ただし、習うのは京都で2ヶ月に1回ほどなので、いつもほぼ忘れてしまう。一緒に習ってる生徒さん達も全員師範(お茶の先生)なので、師匠だけでなく5名がかりのマルチボイスで指導が来る。贅沢なものなのだが、順番でなく体の動きや姿勢を細かく指導されるのでこっちは必死だ。細かい指の動きや体幹まで身体中緊張させないといけなく、2,3日は全身筋肉痛になる程くたくたになる。その指導の厳しさは同行して見学した妻が「下鴨秘密倶楽部」と大阪の有名SM倶楽部をもじったあだ名をつけるほどだ。

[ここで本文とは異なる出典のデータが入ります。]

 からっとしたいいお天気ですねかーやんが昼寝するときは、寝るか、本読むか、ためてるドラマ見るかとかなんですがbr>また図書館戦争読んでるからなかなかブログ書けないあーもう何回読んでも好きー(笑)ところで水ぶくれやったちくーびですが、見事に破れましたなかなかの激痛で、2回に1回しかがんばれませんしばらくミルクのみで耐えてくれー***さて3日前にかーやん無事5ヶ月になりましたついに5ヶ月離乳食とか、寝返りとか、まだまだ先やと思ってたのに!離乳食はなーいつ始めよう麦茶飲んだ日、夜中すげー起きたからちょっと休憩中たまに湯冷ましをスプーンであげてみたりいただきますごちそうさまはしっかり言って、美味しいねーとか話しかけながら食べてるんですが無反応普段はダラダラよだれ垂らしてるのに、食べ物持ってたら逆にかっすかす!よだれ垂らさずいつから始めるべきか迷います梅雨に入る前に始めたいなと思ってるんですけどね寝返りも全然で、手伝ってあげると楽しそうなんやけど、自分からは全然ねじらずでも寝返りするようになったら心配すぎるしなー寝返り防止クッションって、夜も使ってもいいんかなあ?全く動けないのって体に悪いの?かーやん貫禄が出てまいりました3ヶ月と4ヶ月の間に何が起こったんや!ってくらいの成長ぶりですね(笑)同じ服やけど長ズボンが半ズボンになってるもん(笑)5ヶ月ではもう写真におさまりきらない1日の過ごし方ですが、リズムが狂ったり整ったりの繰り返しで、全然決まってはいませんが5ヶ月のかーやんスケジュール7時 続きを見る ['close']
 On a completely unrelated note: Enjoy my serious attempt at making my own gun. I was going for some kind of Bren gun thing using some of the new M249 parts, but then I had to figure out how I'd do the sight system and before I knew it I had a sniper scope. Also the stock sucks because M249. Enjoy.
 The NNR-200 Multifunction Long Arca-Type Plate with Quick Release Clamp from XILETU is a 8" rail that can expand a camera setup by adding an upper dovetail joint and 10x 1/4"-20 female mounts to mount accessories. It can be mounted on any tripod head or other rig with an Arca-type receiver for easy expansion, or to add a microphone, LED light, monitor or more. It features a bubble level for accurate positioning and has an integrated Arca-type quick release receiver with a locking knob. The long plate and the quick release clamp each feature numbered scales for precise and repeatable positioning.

今回、コロナ落ち着いて2年ぶりに稽古に行けそうとなり、少しドキドキして師匠に電話した。長くお会いできずにいたので、さすがに教室を閉じられたか、もしかしたら連絡ないだけで遠行された可能性もあるかと思っていた。ただ電話をすると全然元気。いつものお声だった。
師匠は老人のような所がない。耳も遠くないし頭の回転も早い。前にお会いした時はトランプ政権の話とインドのカースト制の話をした。健康の秘訣は日本酒と物欲だそうで「お茶なんかやっても全然、悟りません。逆に欲しい道具が次々出てきて物欲地獄の始まりや」とのこと。

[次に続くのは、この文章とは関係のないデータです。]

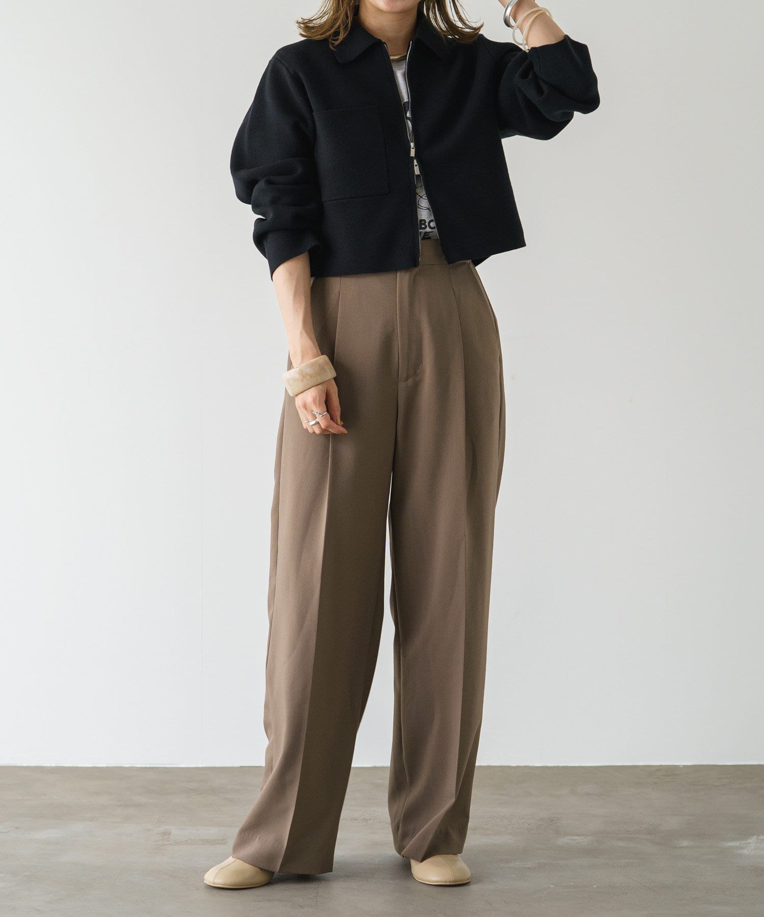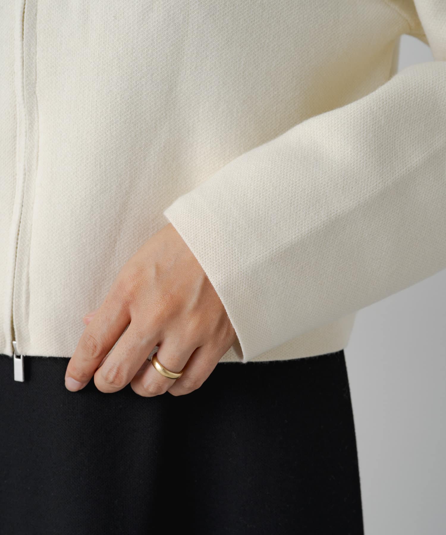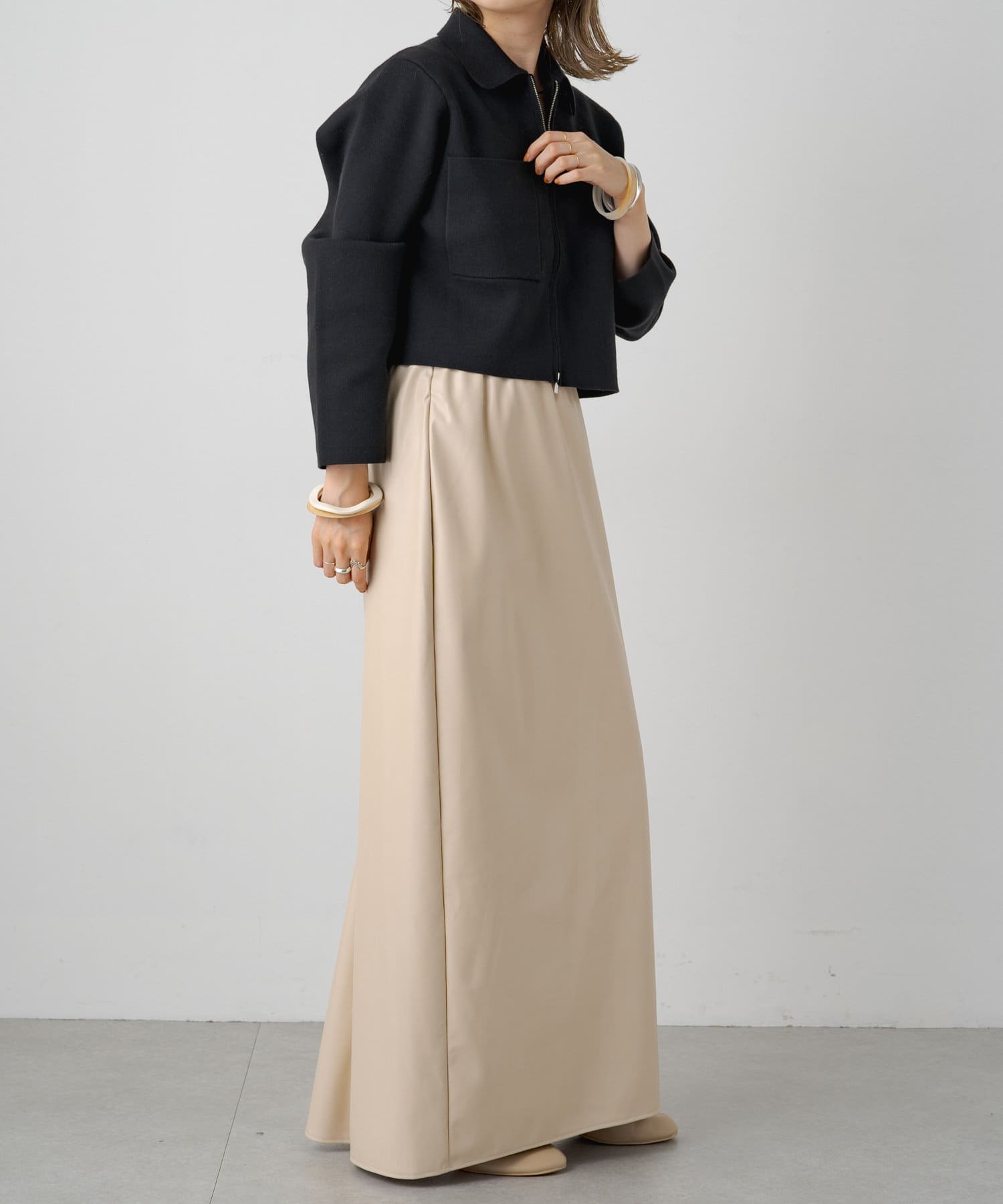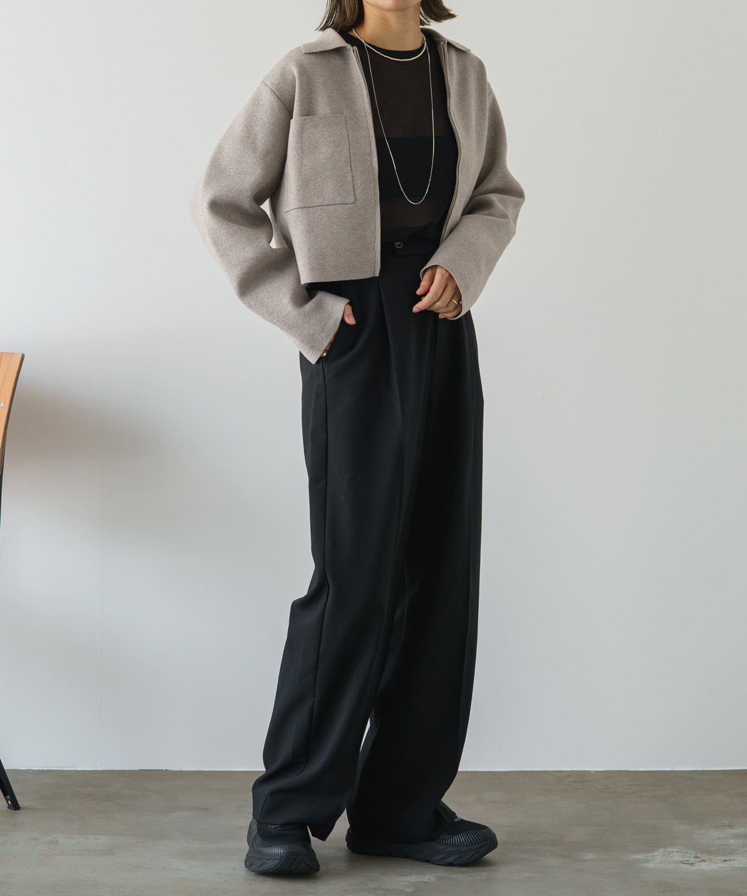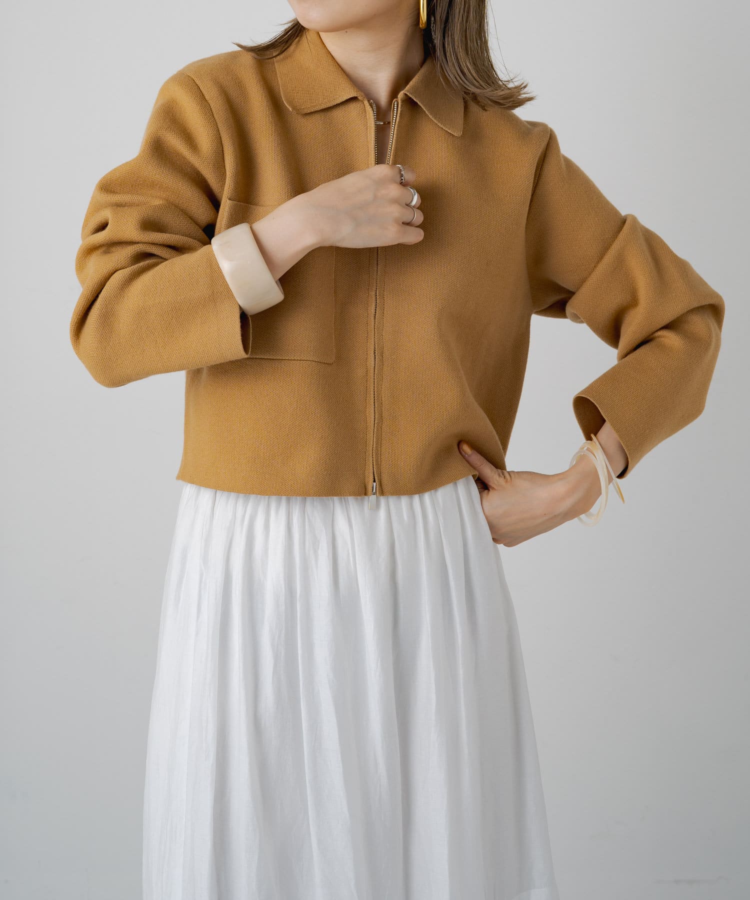 ・程よいショート丈なのでハイウエストのボトムスやボリュームのあるスカートを合わせていただくと、さらにスタイルアップ効果も叶えてくれる一枚です。

そして、このたび自分も楽茶碗を初めて買った。小ぶりの楽茶碗は師匠が選んでくれたもの。お家元に「松雲」という銘もいただいた。節目の時に点てて飲もうと思うが、そうなると他の道具も格が合うものを買わないとなと思いはじめてる。これはヤバいものに手を出してしまった。物欲地獄の一丁目に愛でたく入ったようだ。
稽古後の帰り際に「また来れたらいつでもおいで、102歳の記念茶会もやるんでまた連絡するわ」と言って頂く。自分の方が先に死なないように気をつけよう。師匠を見てると歳を重ねるのが怖くなくなる。